Morningstar reporter Emma Rapaport attended a media roundtable with accounting firm HLB Mann Judd to discuss the key budget takeaways for trustees.
Member limit lifted from four to six
The budget confirmed an earlier announcement from Financial Services Minister Kelly O'Dwyer that the number of members allowed in an SMSF would be expanded from four to six.
O'Dwyer said the change would allow for greater flexibility and that, given the growth in the sector, would “ensure SMSFs remain compelling retirement savings vehicles into the future”.
This reform will remove the four-member cap on SMSFs and and will begin on July 1, next year. SMSFs in Australia are predominantly made up of two people – the classic “mum and dad” fund. This reform could potentially now include four children as well.

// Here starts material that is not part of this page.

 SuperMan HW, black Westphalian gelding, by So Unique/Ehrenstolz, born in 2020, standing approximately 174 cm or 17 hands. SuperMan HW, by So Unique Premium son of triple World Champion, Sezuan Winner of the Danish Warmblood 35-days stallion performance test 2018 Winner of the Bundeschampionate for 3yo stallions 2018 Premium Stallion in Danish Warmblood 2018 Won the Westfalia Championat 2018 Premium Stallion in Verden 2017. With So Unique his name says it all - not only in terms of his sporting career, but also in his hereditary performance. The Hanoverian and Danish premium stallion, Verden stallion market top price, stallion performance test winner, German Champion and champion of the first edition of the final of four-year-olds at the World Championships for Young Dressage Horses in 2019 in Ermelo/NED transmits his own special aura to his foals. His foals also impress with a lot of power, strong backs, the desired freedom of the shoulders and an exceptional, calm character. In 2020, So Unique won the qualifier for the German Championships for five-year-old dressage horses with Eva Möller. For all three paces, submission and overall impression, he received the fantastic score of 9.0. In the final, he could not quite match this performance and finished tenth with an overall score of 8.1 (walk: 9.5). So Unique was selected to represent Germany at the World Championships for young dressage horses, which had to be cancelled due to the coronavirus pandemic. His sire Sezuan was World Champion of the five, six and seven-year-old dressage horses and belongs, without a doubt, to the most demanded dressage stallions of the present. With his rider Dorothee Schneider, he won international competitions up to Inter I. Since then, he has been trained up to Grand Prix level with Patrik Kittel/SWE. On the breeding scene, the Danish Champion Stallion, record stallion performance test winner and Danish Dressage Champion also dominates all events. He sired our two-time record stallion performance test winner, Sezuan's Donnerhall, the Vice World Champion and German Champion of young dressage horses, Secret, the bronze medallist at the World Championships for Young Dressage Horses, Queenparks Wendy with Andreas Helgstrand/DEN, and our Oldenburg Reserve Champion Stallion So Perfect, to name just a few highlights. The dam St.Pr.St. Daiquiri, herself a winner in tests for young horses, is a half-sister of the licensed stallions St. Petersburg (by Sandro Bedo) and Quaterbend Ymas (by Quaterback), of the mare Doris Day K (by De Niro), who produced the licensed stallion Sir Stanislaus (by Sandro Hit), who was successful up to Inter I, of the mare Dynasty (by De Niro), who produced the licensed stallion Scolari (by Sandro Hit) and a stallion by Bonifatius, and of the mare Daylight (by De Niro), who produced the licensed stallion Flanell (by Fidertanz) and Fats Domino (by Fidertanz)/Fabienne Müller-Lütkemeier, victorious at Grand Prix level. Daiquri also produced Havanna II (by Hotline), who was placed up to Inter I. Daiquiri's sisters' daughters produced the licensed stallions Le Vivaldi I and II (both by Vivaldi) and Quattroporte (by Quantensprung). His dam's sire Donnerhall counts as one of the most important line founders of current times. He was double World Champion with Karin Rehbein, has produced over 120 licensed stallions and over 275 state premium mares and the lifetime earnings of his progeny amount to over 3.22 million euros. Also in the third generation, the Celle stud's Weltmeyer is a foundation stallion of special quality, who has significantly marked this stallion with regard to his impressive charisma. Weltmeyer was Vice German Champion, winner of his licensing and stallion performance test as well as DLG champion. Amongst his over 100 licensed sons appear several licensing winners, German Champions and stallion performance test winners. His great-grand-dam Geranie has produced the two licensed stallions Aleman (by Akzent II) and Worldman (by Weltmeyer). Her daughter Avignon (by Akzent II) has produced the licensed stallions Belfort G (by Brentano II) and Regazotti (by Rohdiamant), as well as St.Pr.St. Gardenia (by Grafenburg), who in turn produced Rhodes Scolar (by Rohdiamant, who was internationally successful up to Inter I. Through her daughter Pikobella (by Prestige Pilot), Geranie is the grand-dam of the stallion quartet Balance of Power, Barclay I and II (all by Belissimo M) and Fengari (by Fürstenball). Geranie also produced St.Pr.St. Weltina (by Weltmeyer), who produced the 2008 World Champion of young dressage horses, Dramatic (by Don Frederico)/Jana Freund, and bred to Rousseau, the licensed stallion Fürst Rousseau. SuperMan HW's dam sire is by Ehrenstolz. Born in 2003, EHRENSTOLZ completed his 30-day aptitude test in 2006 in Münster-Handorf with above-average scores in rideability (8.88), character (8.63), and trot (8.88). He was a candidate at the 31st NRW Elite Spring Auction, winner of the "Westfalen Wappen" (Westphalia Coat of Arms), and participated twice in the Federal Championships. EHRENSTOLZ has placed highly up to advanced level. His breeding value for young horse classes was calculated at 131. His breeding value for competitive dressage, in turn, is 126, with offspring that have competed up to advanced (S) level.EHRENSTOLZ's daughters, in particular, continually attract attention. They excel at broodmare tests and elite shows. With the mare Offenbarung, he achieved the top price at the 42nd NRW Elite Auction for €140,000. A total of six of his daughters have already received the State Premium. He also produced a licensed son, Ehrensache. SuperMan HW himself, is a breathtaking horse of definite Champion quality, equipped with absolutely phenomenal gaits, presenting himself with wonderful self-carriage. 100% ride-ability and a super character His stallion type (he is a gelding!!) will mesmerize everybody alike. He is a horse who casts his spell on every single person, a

HLB Mann Judd director and head of SMSF Andrew Yee concedes the reform will allow greater flexibility for larger families but he questions the impact it will have on the industry.

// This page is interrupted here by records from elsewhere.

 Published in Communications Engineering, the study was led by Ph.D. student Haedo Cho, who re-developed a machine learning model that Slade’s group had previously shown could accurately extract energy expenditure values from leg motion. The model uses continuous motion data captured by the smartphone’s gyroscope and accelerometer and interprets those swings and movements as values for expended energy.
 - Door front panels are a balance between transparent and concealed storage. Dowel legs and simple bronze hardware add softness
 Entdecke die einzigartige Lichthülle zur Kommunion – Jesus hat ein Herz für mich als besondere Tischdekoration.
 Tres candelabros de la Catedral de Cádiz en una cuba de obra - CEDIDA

"We don't think that will change too much in terms of people taking up SMSFs because by and large currently it's two-member funds anyway," Yee said.
"It does, however, add flexibility to the structure because for a family unit with more than two children, they can now all fit in the same fund."
Yee says the reform will benefit families who want to use their SMSF to buy a large, non-traditional investment such as property.
"With more members you can get more money into the super fund, and if you have a large asset that you need to invest in you've got an extra member," Yee said.
"With caps always reducing over time this may be an avenue to get money into that SMSF structure to provide that extra flexibility in those non-traditional investments."
"I don't see it being used often, but it’s handy to have."
But Yee fears a six-member SMSF account could be an administrative nightmare for accountants. Building an investment portfolio that suits everybody would be a challenge, let alone reaching a consensus on decision-making, and signing off on the annual account.
The idea of increasing the number of SMSF trustees, or changing the definition to say “all members of a family regardless of number”, was first suggested — but not accepted — during the 2009-10 Cooper review.
Switch to triennial audit cycle
Hidden among the mountain of budget papers was a crucial detail, missed by many commentators: from July 1, next year the government will allow SMSFs to move from an annual audit cycle to a three-year cycle.
The measure will apply to funds with a good history of compliance, which is loosely defined as three consecutive years of unblemished audit reports and timely lodgement of annual returns.
Reactions to the measure have been mixed. SMSF Association chief executive John Maroney describes the red-tape-cutting measure as a “positive step” and a “fitting reward for trustees who strictly adhere to the regulatory regime”.
Others, including accounting firm BDO Australia, fear that reducing red tape could result in an increase in inadvertent and unrecognised SMSF non-compliance.
“This could ultimately lead to increased costs for SMSFs to rectify longer outstanding non-compliance matters,” BDO warned.
Yee says the reduction will be a welcome change for compliant SMSFs: “There’s only a small proportion of funds doing the wrong thing so why impose high levels of compliance and the costs associated on them?”
He even suggests the measure could be a precursor to the removal of audits for SMSFs in the future.
HLB Mann Judd partner, personal wealth management, Michael Hutton also dismissed fears that two years without audits may lead to compliance issues being left behind.
“SMSFs will still be required to complete quarterly reporting, yearly tax returns, and give in minutes and resolutions and investment strategies,” Hutton said.
“There will be a tune-up every year when they go to their accountant.”
Hutton, however, was bemused by the scaling back of the oversight, noting: “[The government] has never been shy of increasing red tape and now they’re reducing it?”
“We didn't see this coming. We don’t know what’s motivating it.”